** Supplied data **
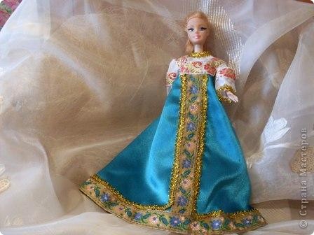 Я живу в Зауралье, недалеко от Уральских гор, где добывали изумруды и малахиты. Уральские девушки одевались в темно-зеленые сарафаны, украшенные золотой тесьмой. Поэтому я сшила уральский народный костюм.
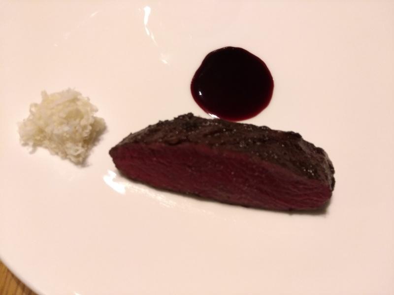 他にも色々な料理が出ましたが、これがメインの「エゾシカのロースト肉」。
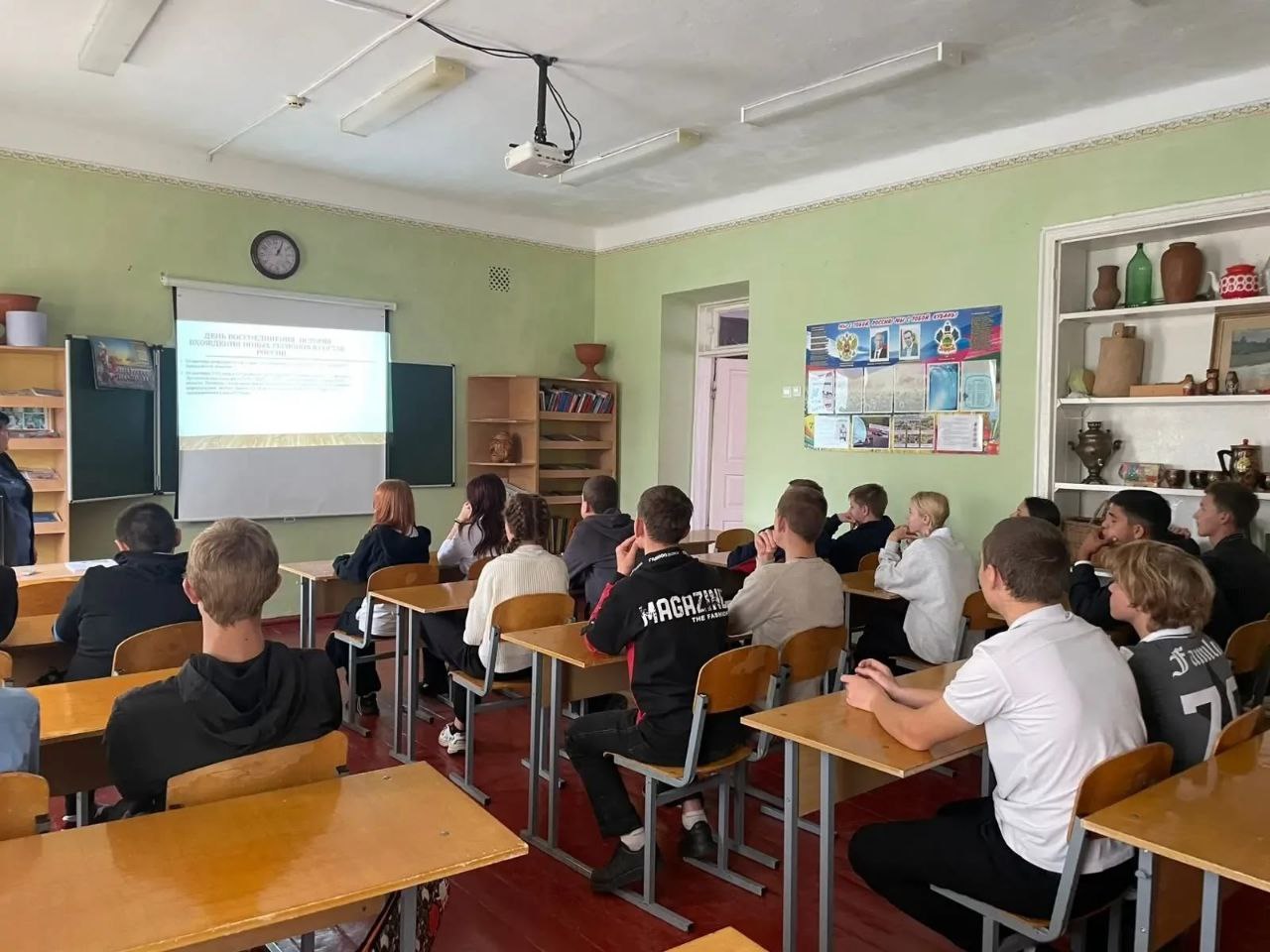 30 сентября в нашей школе прошли информационные мероприятия, посвящённые воссоединению ДНР, ЛНР, Запорожской и Херсонской областей с Россией. Учитель истории Деркач Г.Н., и сотрудник КДЦ хутора Братского, осветили основные этапы истории Новороссии, отметив, что наши общие предки еще сто лет назад не делили себя на великороссов, украинцев и белорусов – они были единым русским народом с общим родным языком и великой культурой. Обучающиеся узнали о том, какой трудный путь прошли в течение восьми лет жители Донбасса, отстаивая свое право говорить на русском языке, добиваясь независимости и признания. Памятная дата - 30 сентября 2022 года, навсегда войдет в нашу общую историю как день великого воссоединения. По окончании мероприятия участники задали интересующие их вопросы, выразили своё мнение об этом важном событии, заключив, что воссоединение ДНР, ЛНР, Запорожской и Херсонской областей с РФ имеет огромное значение для истории нашей страны.

** Task to complete **
Omit the pictures, then print the rest of the listing above exactly.

** Exercise response **
 Я живу в Зауралье, недалеко от Уральских гор, где добывали изумруды и малахиты. Уральские девушки одевались в темно-зеленые сарафаны, украшенные золотой тесьмой. Поэтому я сшила уральский народный костюм.
 他にも色々な料理が出ましたが、これがメインの「エゾシカのロースト肉」。
 30 сентября в нашей школе прошли информационные мероприятия, посвящённые воссоединению ДНР, ЛНР, Запорожской и Херсонской областей с Россией. Учитель истории Деркач Г.Н., и сотрудник КДЦ хутора Братского, осветили основные этапы истории Новороссии, отметив, что наши общие предки еще сто лет назад не делили себя на великороссов, украинцев и белорусов – они были единым русским народом с общим родным языком и великой культурой. Обучающиеся узнали о том, какой трудный путь прошли в течение восьми лет жители Донбасса, отстаивая свое право говорить на русском языке, добиваясь независимости и признания. Памятная дата - 30 сентября 2022 года, навсегда войдет в нашу общую историю как день великого воссоединения. По окончании мероприятия участники задали интересующие их вопросы, выразили своё мнение об этом важном событии, заключив, что воссоединение ДНР, ЛНР, Запорожской и Херсонской областей с РФ имеет огромное значение для истории нашей страны.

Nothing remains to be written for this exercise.